Content starts

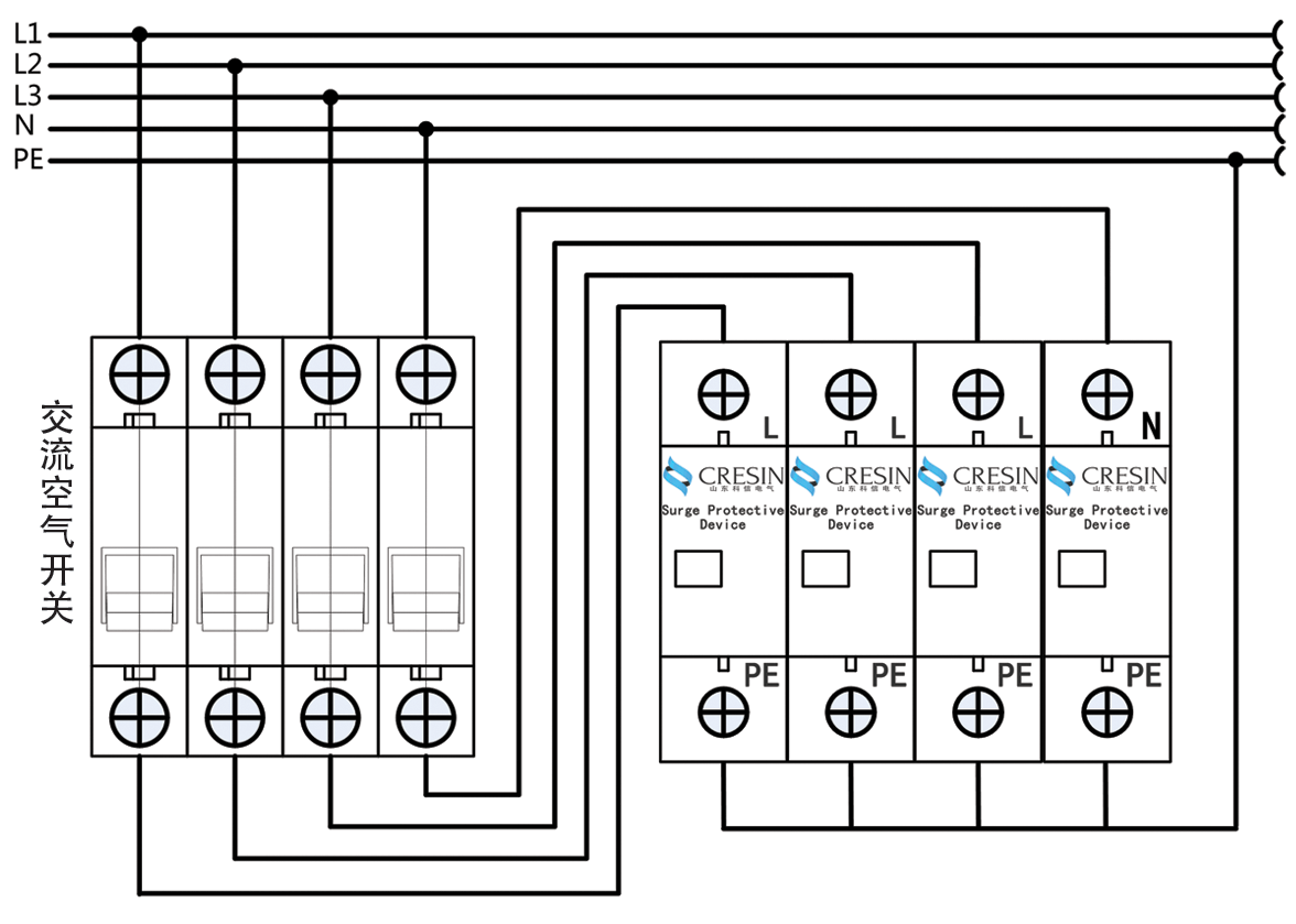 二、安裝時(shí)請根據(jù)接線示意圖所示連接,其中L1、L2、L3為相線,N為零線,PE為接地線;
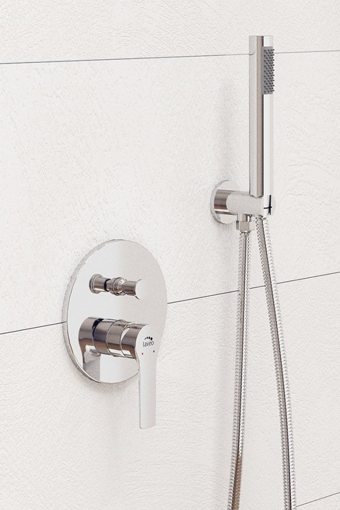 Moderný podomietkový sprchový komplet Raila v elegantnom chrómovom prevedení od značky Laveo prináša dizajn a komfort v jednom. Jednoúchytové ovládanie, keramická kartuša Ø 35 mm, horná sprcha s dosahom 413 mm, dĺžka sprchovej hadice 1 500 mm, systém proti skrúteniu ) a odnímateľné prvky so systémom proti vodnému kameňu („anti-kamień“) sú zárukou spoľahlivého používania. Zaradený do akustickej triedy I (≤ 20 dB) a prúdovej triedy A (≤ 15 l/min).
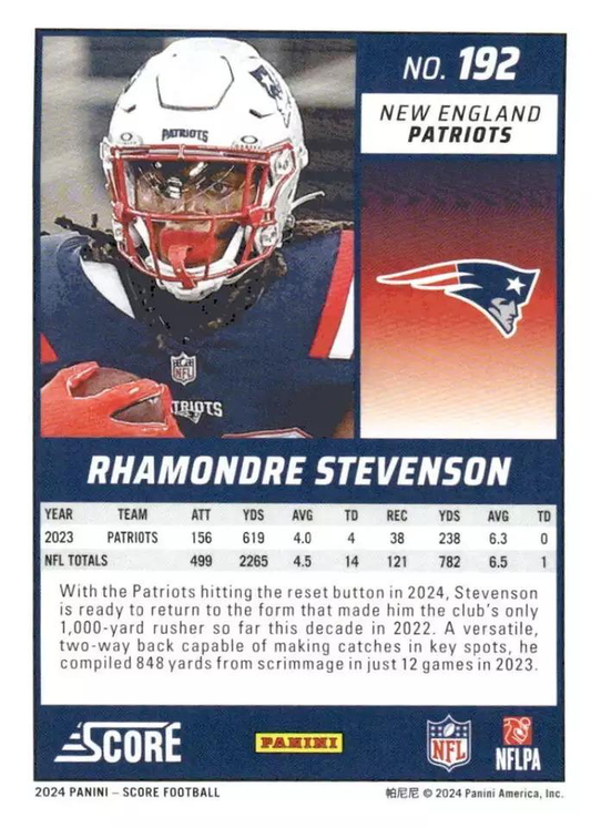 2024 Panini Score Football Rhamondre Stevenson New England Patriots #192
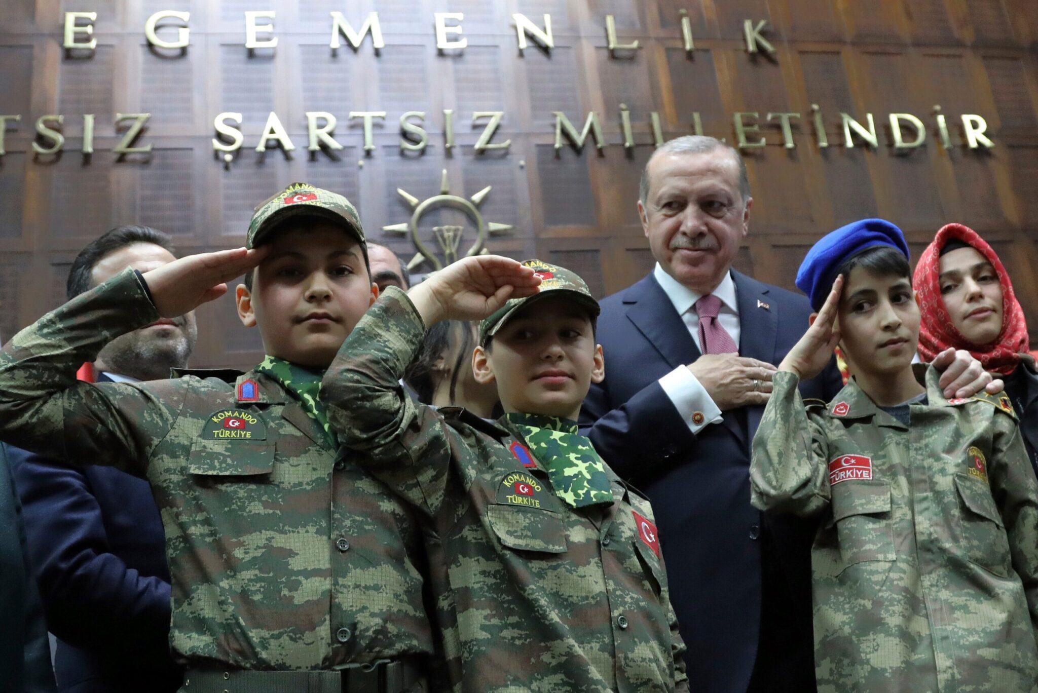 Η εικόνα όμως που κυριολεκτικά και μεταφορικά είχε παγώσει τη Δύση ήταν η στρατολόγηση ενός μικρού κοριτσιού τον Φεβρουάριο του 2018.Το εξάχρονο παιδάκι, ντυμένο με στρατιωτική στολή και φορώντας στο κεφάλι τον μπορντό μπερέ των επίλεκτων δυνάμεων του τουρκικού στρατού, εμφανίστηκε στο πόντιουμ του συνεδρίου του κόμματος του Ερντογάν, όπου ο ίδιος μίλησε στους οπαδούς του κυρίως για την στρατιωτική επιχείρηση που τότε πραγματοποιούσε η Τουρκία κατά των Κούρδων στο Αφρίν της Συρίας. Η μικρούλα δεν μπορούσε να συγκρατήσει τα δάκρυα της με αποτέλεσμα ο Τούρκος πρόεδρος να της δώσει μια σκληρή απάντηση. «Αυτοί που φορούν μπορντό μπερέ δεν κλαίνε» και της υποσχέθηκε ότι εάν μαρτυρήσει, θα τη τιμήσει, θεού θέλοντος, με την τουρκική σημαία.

Content ends

» **Goal of the exercise**: Print the material above once more, exactly, minus the pictures.

» **Response to the task**:
 二、安裝時(shí)請根據(jù)接線示意圖所示連接,其中L1、L2、L3為相線,N為零線,PE為接地線;
 Moderný podomietkový sprchový komplet Raila v elegantnom chrómovom prevedení od značky Laveo prináša dizajn a komfort v jednom. Jednoúchytové ovládanie, keramická kartuša Ø 35 mm, horná sprcha s dosahom 413 mm, dĺžka sprchovej hadice 1 500 mm, systém proti skrúteniu ) a odnímateľné prvky so systémom proti vodnému kameňu („anti-kamień“) sú zárukou spoľahlivého používania. Zaradený do akustickej triedy I (≤ 20 dB) a prúdovej triedy A (≤ 15 l/min).
 2024 Panini Score Football Rhamondre Stevenson New England Patriots #192
 Η εικόνα όμως που κυριολεκτικά και μεταφορικά είχε παγώσει τη Δύση ήταν η στρατολόγηση ενός μικρού κοριτσιού τον Φεβρουάριο του 2018.Το εξάχρονο παιδάκι, ντυμένο με στρατιωτική στολή και φορώντας στο κεφάλι τον μπορντό μπερέ των επίλεκτων δυνάμεων του τουρκικού στρατού, εμφανίστηκε στο πόντιουμ του συνεδρίου του κόμματος του Ερντογάν, όπου ο ίδιος μίλησε στους οπαδούς του κυρίως για την στρατιωτική επιχείρηση που τότε πραγματοποιούσε η Τουρκία κατά των Κούρδων στο Αφρίν της Συρίας. Η μικρούλα δεν μπορούσε να συγκρατήσει τα δάκρυα της με αποτέλεσμα ο Τούρκος πρόεδρος να της δώσει μια σκληρή απάντηση. «Αυτοί που φορούν μπορντό μπερέ δεν κλαίνε» και της υποσχέθηκε ότι εάν μαρτυρήσει, θα τη τιμήσει, θεού θέλοντος, με την τουρκική σημαία.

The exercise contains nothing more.